Eine Untersuchung der University of California hat herausgefunden, dass Mäuse bei körperlicher Aktivität am Morgen überdurchschnittlich viel Fett verbrennen. Mensch ist nicht gleich Maus, so werden Morgenmuffel nun argumentieren und eine Studie der Universität Maastricht ins Feld führen. Diese hat anhand von 32 Versuchspersonen herausgefunden, dass diese am Nachmittag mehr Fett verbrannt haben als am Morgen. Eine Schwäche dieser Studie ist jedoch die geringe Zahl von Probandinnen und Probanden.

Eine Untersuchung aus den Niederlanden liefert wiederum den Lerchen Argumente für Morgensport. Wissenschafterinnen und Wissenschafter der Universität Leiden haben die Daten von 86 657 Personen ausgewertet. An diese grosse Stichprobe sind sie durch die UK Biobank gekommen, eine seit 2006 laufende Langzeitstudie aus Grossbritannien, die die Entstehung von Krankheiten untersucht.

Nach der Auswertung von Zehntausenden Aktivitätsprofilen und Gesundheitsdaten kamen die niederländischen Forscher zu einem deutlichen Resultat: Menschen, die am Morgen Sport treiben, tragen ein 16 Prozent niedrigeres Risiko einer koronaren Herzkrankheit als Probanden, die das Training auf den Nachmittag legen. Die koronare Herzkrankheit führt zu verengten oder gar verstopften Herzkranzgefässen.

Der Unterschied zeigte sich bei der niederländischen Untersuchung selbst dann, wenn die Morgen- und die Abendsportlerinnen in etwa gleich viele Kalorien verbrannt hatten. Die Wissenschafter erklären diesen Unterschied mit dem grösseren Effekt auf den Stoffwechsel, den Morgentraining haben soll. Der Stoffwechsel reguliert auch das Hungergefühl und die Fettverbrennung.

Nüchterntraining kurbelt die Fettverbrennung an

Fettverbrennung. Das dürfte bei vielen Hobbysportlerinnen und Hobbysportlern die Hauptmotivation für das Training sein. Amerikanische Wissenschafter haben übergewichtige und zuvor inaktive Personen während zehn Monaten fünfmal in der Woche Sport treiben lassen. Mit einem verblüffenden Resultat: Jene Probandinnen und Probanden, die am Morgen trainiert hatten, verloren signifikant mehr Fett als jene, die sich am Nachmittag bewegt hatten. Und sie schafften es ausserdem, das Gewicht längerfristig zu senken.

Christina Spengler ist Naturwissenschafterin, Ärztin und Professorin für Sportphysiologie an der ETH in Zürich. Mit Blick auf die erwähnten Studien sagt sie: «Sie liefern einige Hinweise darauf, dass Morgensport einen grösseren Einfluss auf den Stoffwechsel und die Fettverbrennung hat als Training am Nachmittag.» Spengler vermutet, dass der zirkadiane Rhythmus, die innere Uhr, für den Effekt mitverantwortlich ist.

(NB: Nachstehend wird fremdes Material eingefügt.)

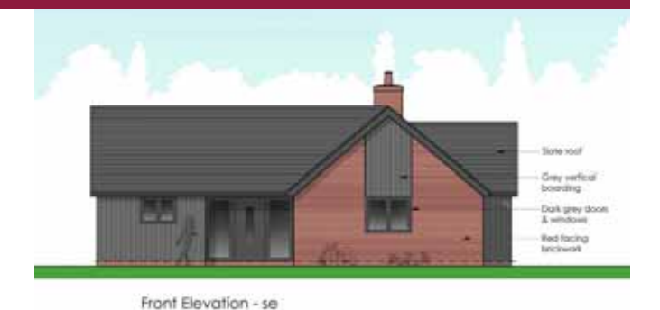
A central village building plot with planning permission for a self build three bedroom bungalow with garage.

A building plot extending to approximately 0.22 acres (0.09 hectares) 1,300 square feet (118 square metres) of accommodation. Garage and driveway. Gardens to front and rear.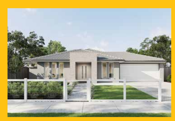
D: Cable Railings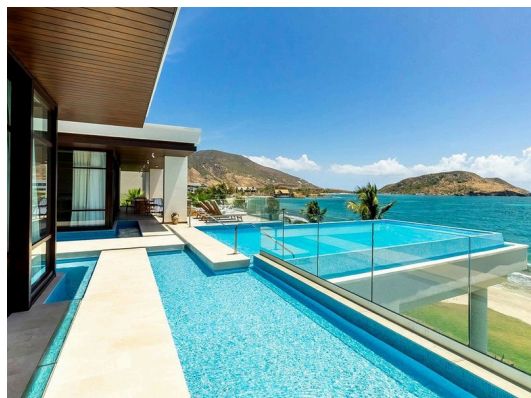
Park Hyatt St. Kitts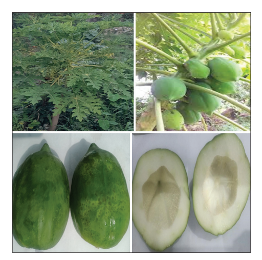
Figure 1: Aerial vegetative parts and fruits of Carica papaya plant

Both ripe and unripe papaya fruits possess huge quantities of herbal antioxidants. Its leaves, fruits, and seeds contain caffeic acid, myricetin, rutin, quercetin, \alpha -tocopherol, papain, benzyl isothiocyanate (BiTC), and kaempferol. These correctly lessen reactive oxygen species (ROS) production.<sup>[9]</sup> C. papaya seeds brought about antifertility, anti-implantation, and reduced progesterone stage and estrus cycle.<sup>[10]</sup> Plant indicates a couple of organic sports, i.e., antiviral, anti-diabetic, anticancer, anti-angiogenic, antiparasitic, antibacterial, antiviral, and anti-malarial sports. Plants show multiple biological activities, i.e., antiviral, anti-diabetic, anticancer, anti-angiogenic, antiparasitic, antibacterial, antiviral, and anti-malarial activities. This plant also possesses nephroprotective, antifertility, antiimplantation thrombopoietic effects. Papaya pulp is used to manage burn injury, anemia, and stress release. In the present review article, nutritional benefits of papaya have been described with its phytoconstituents, biological activities, and therapeutic properties.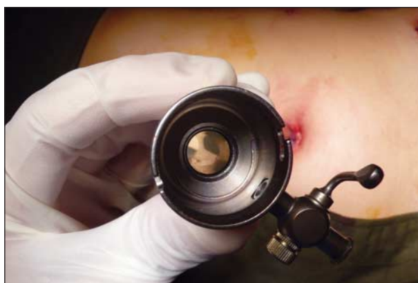
Figure 2. Inside view of the chamber of the HiCap trocar.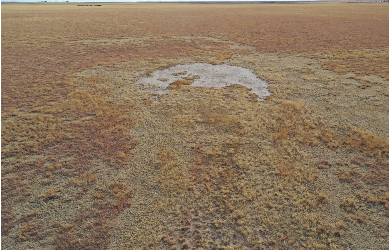
Photo 2. Drone aerial photo facing southwest toward the abandoned well site. The site still remains bare of vegetation.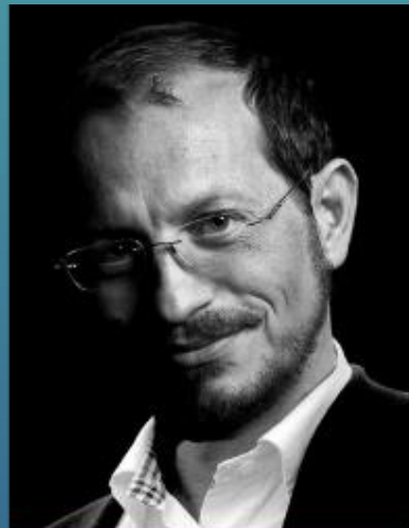
Maurizio Carta Deputy Mayor for urban regeneration, Municipality of Palermo, Italy

Ein zweiter Faktor könnte laut Spengler sein, dass die Morgensportler tendenziell mit nüchternem Magen trainiert haben. «Nüchterntraining verstärkt die Fettverbrennung, weil die Kohlenhydratspeicher nach einer längeren Fastenperiode wie einer Nacht Schlaf nicht mehr so gut gefüllt sind wie am Abend.» Sie gibt aber zu bedenken, dass ein langfristig positiver Effekt von Nüchterntraining auf diese Art von Fettabbau nicht klar sei.

Für die Eulen gibt es auch gute Nachrichten

Es deutet also vieles darauf hin, dass Frühaufsteher gegenüber Nachtschwärmern im Vorteil sind, wenn es um die Gewichtsreduktion durch Sport geht. Ist es also sinnvoll, wenn sich auch die Eulen frühmorgens aus dem Bett quälen?

Spengler hat trotz der Studienlage eine gute Nachricht für alle, die lieber länger liegenbleiben: «Ob sich auch der Trainingseffekt unterscheidet, wurde nicht untersucht.» Und es sei ohnehin schwierig, nur mit sportlicher Aktivität das Gewicht zu reduzieren und Fettpolster loszuwerden. «Es ist zielführender, die Kalorienzufuhr auch zu reduzieren, als allein den Verbrauch durch Sport zu erhöhen», sagt Spengler.

Ausserdem hänge die Fettverbrennung beim Sport – ob am Morgen oder am Abend – von zahlreichen anderen Faktoren ab, die nicht untersucht worden seien, sagt Spengler. Es bleibt also kompliziert zwischen den Lerchen und den Eulen der Sportwelt.